Judges have the power of discretion to determine whether or not to release someone to a treatment program. We have witnessed judges justify refusal to allow someone to receive mental health treatment in many ways — sometimes it is dissatisfaction with a specific location, the security level of a certain facility, the amount of time a program takes, or the types of services offered. In other cases we have heard judges express disbelief that a person needs treatment at all for their illness. Mental health care should be available for everyone, not just those deemed worthy by a judge.

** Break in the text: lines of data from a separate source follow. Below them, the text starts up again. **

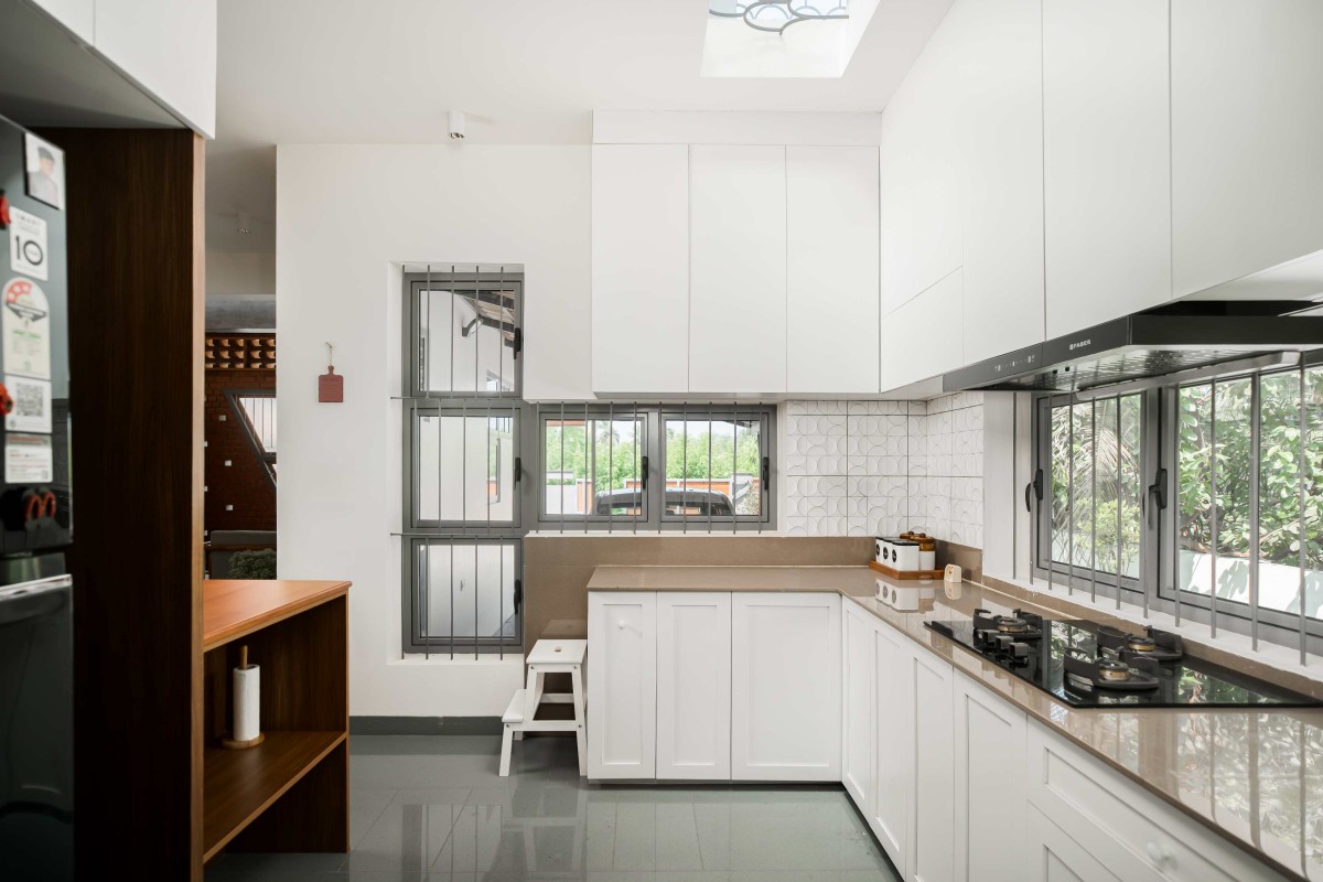 The dining space anchors this volume. A generous table sits beneath the cascade of pendant lights, becoming a natural gathering point, where meals stretch into conversations. From here, the kitchen remains close enough to feel connected, yet discreetly positioned to avoid visual clutter. The kitchen reveals itself gradually. Bathed in daylight from a skylight carved into the ceiling, it feels bright and calm rather than utilitarian. White cabinetry rises against the walls, softened by subtle profile details, while open wooden shelving introduces warmth and texture. Windows frame pockets of greenery beyond, allowing light and ventilation to shape the space throughout the day. Even the utility areas continue this logic of care. Another skylight brings daylight deep inside, while high windows with metal grills ensure ventilation and privacy.
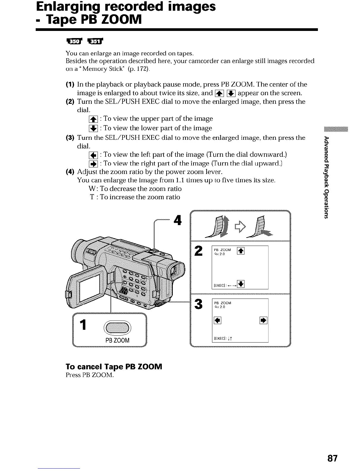 (1) In the playback or playback pause mode, press PB ZOOM. The center of the
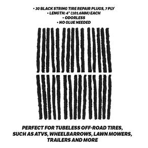 Slime Pacote de plugue de reparo de pneu 1031-A, cordas resistentes padrão, para pneus off-road sem câmara, como quadriciclos, carrinhos de mão, cortadores de grama, trailers, pacote com 30
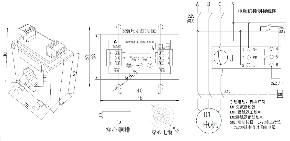 CLS30系列一體式過電流時(shí)間繼電器適用于發(fā)電廠、變電站用控保屏、高低壓開關(guān)柜、電動機(jī)、變壓器及各種測試設(shè)備,作為電流的精確測量,具備啟動延時(shí)閉鎖、延時(shí)動作、回差控制,數(shù)字直觀顯示,現(xiàn)場可編程等功能。電流穿心及控制一體式設(shè)計(jì),可省掉電流互感器,是一款一體式過電流控制保護(hù)等多功能繼電器。
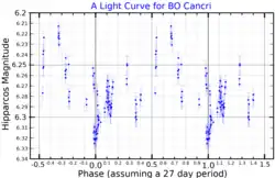In 1969, Olin Jeuck Eggen announced that small vaiarions in the brightness of 53 Cancri had been detected.[7] For that reason it was given a variable star designation in 1972.[8] 53 Cancri is a semiregular variable that varies between magnitude 5.9 and 6.4 with a period of 27 days.[3] There is a suspected second period of 270 days.[9]
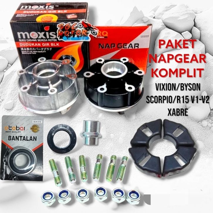 Nap Gear Original ✓ PAKET NAPGEAR BELAKANG VIXION OLD/NEW/ R15 V1-V2 / SCORPIO/BYSON HITAM/CROME
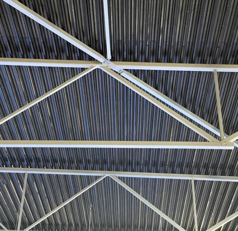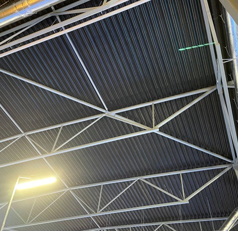 In this paddle center, the free height of 11 meters, the ceiling plays a significant role when looking for a functional sound environment. Originally, the hall's reverberation time, i.e., how long the sound reverberates after it is produced, was estimated to be about 12 seconds without sound environment solutions. The goal was to get the reverberation time under 3 seconds, and this was calculated to be possible with the basic solution of the LBS T153 AcuB load-bearing acoustic profile in the ceiling. The reverberation was measured when the building envelope was ready.

In a just world, everyone is able to access mental health care: people with mental illness could be in charge of their own treatment plan, and anyone could access opportunities for community care and resources for healing. People with mental health concerns should have the right to housing, to consensual medical care, and to take care of themselves and their families. Instead, Baltimore’s jails eat up resources that might make that world possible and offer the exact opposite, inflicting and compounding trauma and exacerbating mental illness, and the judges and prosecutors who are confronted every day with this reality nonetheless choose to feed vulnerable people into them.